(SUPPLIED ENTRIES)
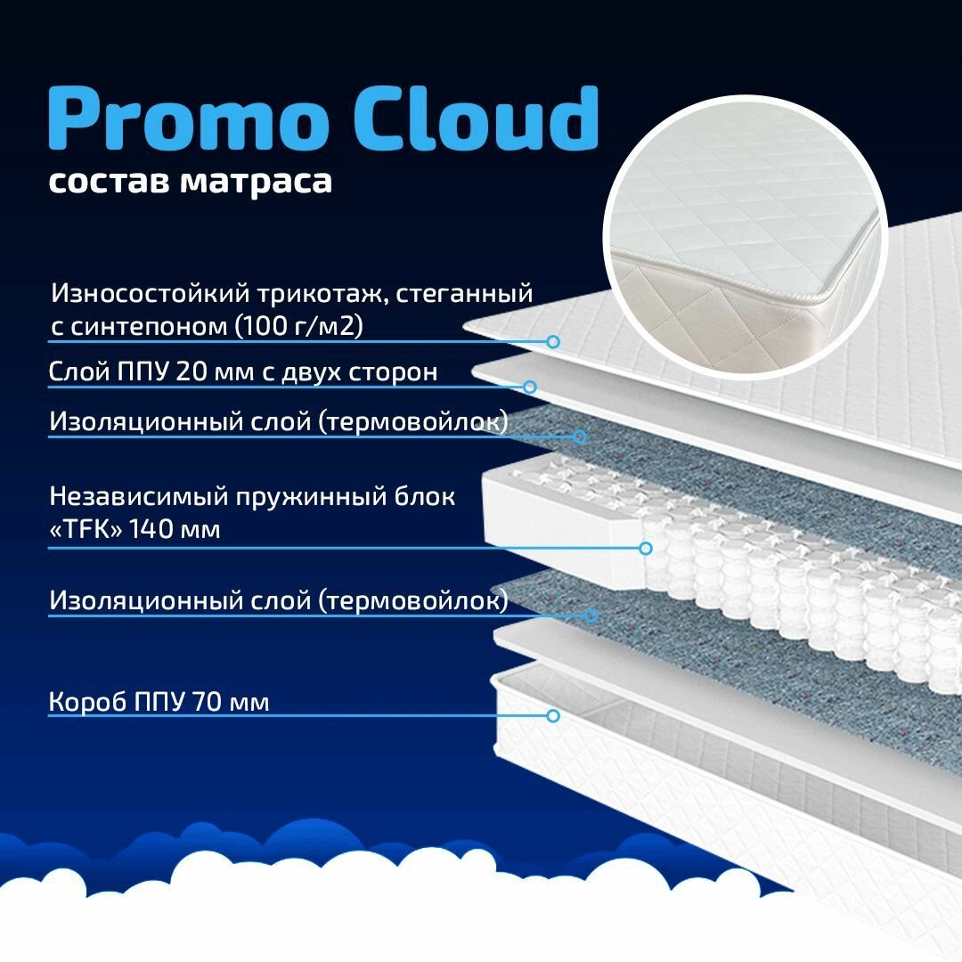 Матрас с независимым пружинным блоком 140х200 высота 20 см серии Promo CLOUD, жесткость - мягкий
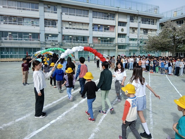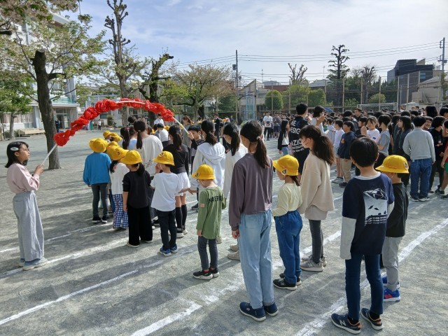 今日は、一年生との対面式がありました。一年生は6年生と手をつないで入場。5年生が花のアーチで一年生を迎えてくれました。
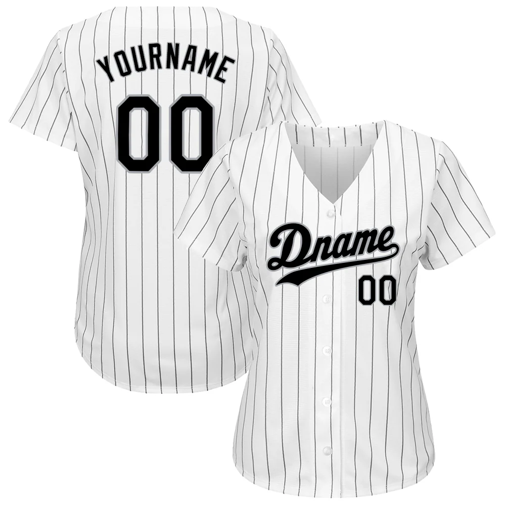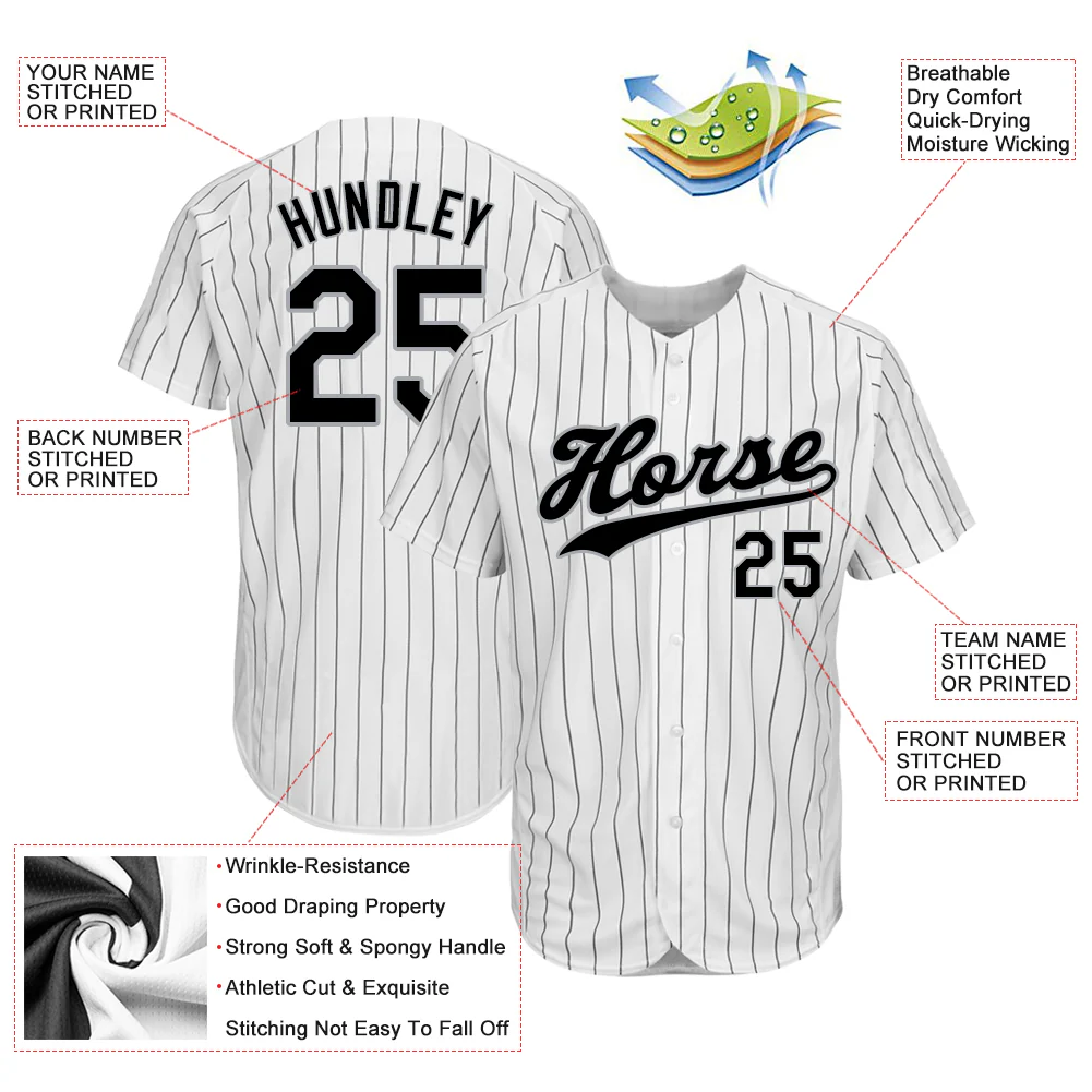 Custom White Black Pinstripe Black-Gray Authentic Baseball Jersey
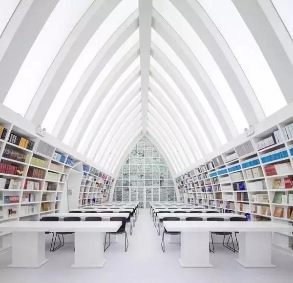 一層的鐘書閣,古典似迷宮,采用九宮格的設(shè)計,每個空間都有不同的主題。二層的鐘書閣,明亮如圣殿,透明的穹頂和潔白的墻體,讓人不自覺就壓低了聲音,放慢了腳步。
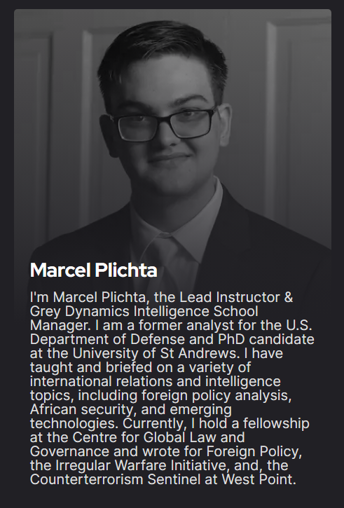 值得注意的是,“灰色动力”公司在官网上自称是一家“致力于使情报‘民主化’”的公司,并且其“首席讲师”和“情报学院经理”并不避讳在个人介绍中展示他曾担任美国国防部分析师的职业背景。
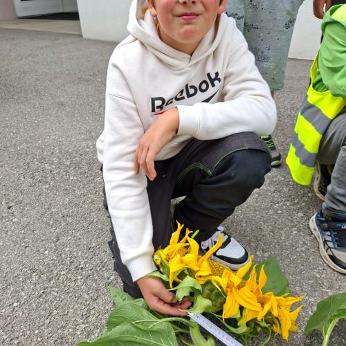 Jedes Kind darf auch eine Sonnenblume mitnehmen - die Ernte ist reichlich.
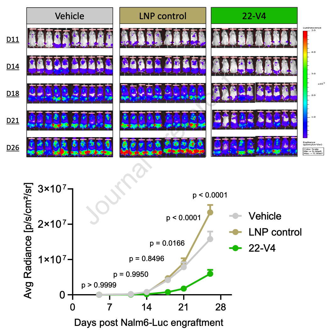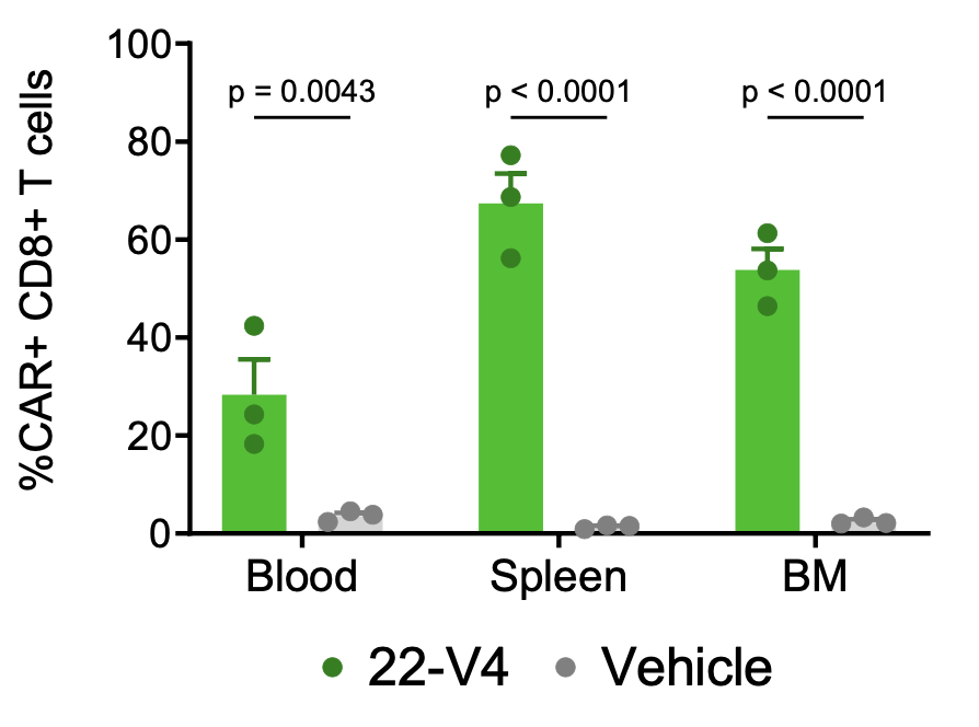 人源化小鼠体内,纳米抗体修饰的LNP特异性介导多部位CD8 T细胞表达靶向CD22的CAR
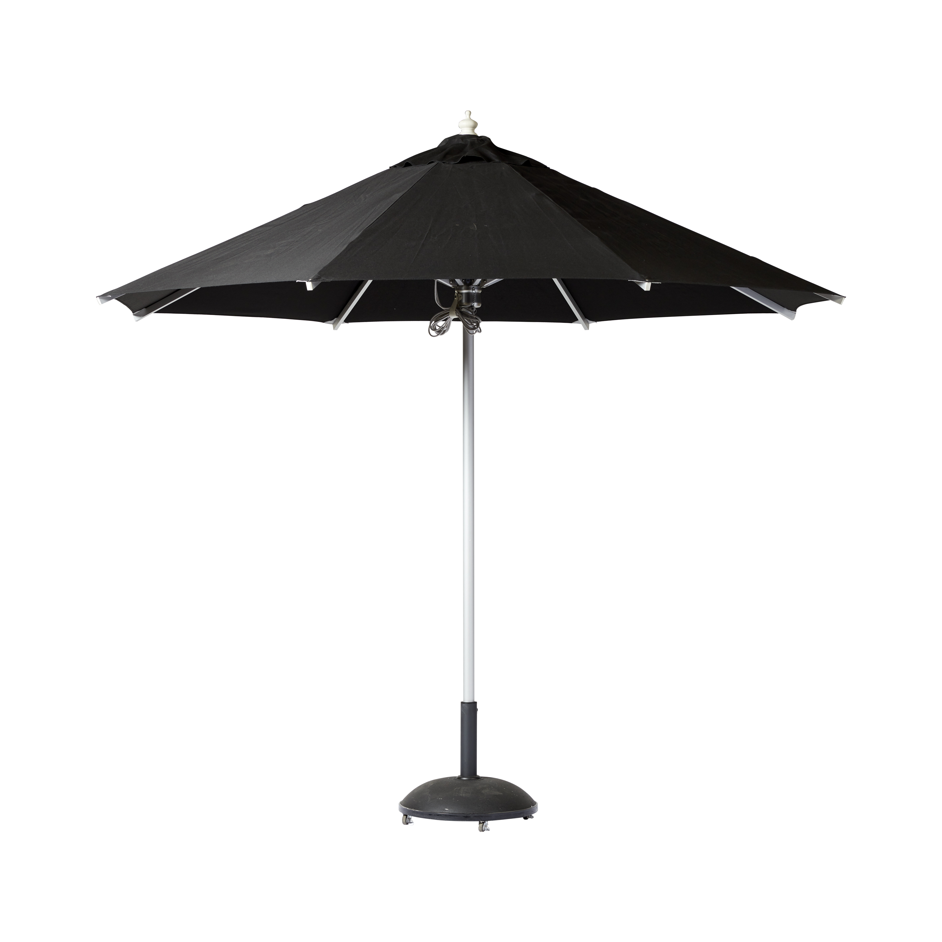 A round parasol in black, sewn in colourfast olefin and measuring 330 centimetres in diameter – created to provide shade on the terrace, in the garden or over the outdoor dining area.
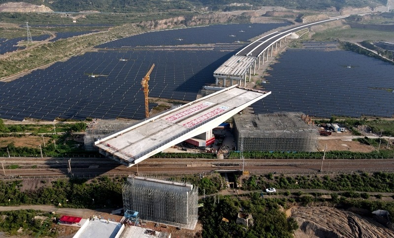 這是8月11日拍攝的河南省濟源市沿太行山高速公路跨焦柳鐵路立交橋轉體施工現(xiàn)場(無人機照片)。
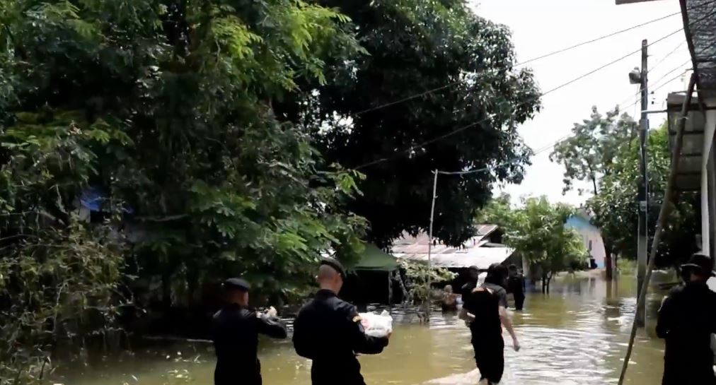 บ้านท่าข้าม หมู่ 1 บ้านวังมน หมู่ 4 และบ้านโคกสะแบง หมู่ที่ 5 ต.ท่าข้าม อ.อรัญประเทศ ยังมีน้ำท่วมขังในพื้นที่ระดับน้ำสูง 30-60 เซนติเมตร เดินทางเข้าออกหมู่บ้านด้วยความลำบาก เจ้าหน้าที่ กรมทหารพรานที่ 12 ลงพื้นที่ช่วยเหลือนำอาหาร น้ำดื่ม ออกแจกจ่ายให้กับชาวบ้าน เพื่อบรรเทาความเดือดร้อน พร้อมนำกำลังพลจิตอาสาช่วยชาวบ้านเก็บกวาดดินโคลน เศษซากไม้และขยะ ในพื้นที่ที่ระดับน้ำลดเป็นปกติ และขนย้ายสินค้าการเกษตรกลับเข้ายุ้งฉาง. – สำนักข่าวไทย
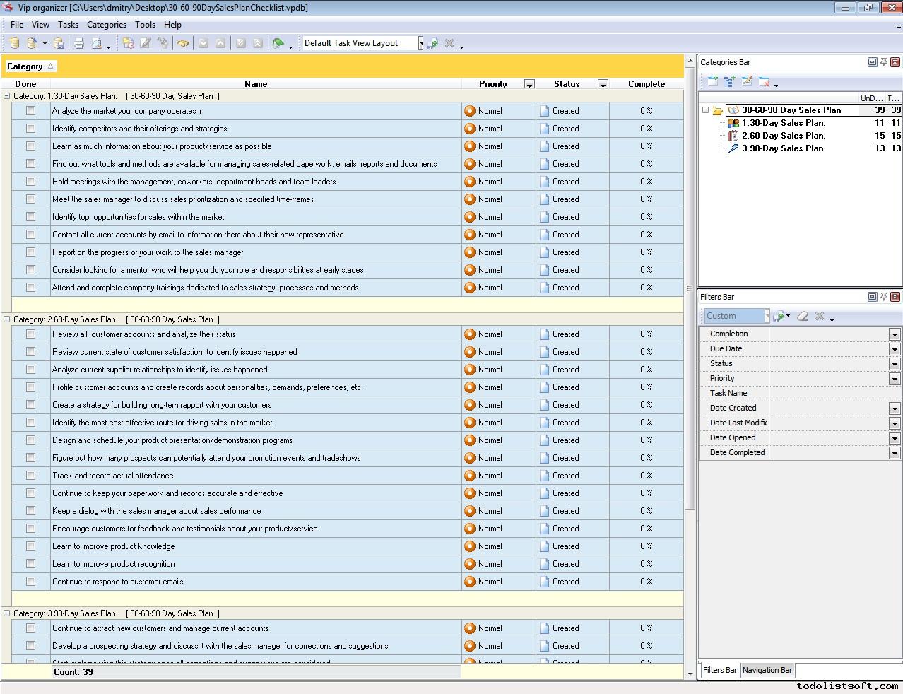 The following 30-60-90 Day Sales Plan Checklist is designed for people who have been just appointed to the role of sales representative. The checklist explains what tasks a new sales rep needs to do during 30, 60 and 90 days of the assignment. It is best used with VIP Organizer software.
(End SUPPLIED ENTRIES)
YOUR GOAL
Would you output only the span of the records above that opens with the line containing "A round parasol" and closes with the line containing "這是8月11日拍攝的河南省濟", ends included and pictures dropped?

TASK SOLUTION
 A round parasol in black, sewn in colourfast olefin and measuring 330 centimetres in diameter – created to provide shade on the terrace, in the garden or over the outdoor dining area.
 這是8月11日拍攝的河南省濟源市沿太行山高速公路跨焦柳鐵路立交橋轉體施工現(xiàn)場(無人機照片)。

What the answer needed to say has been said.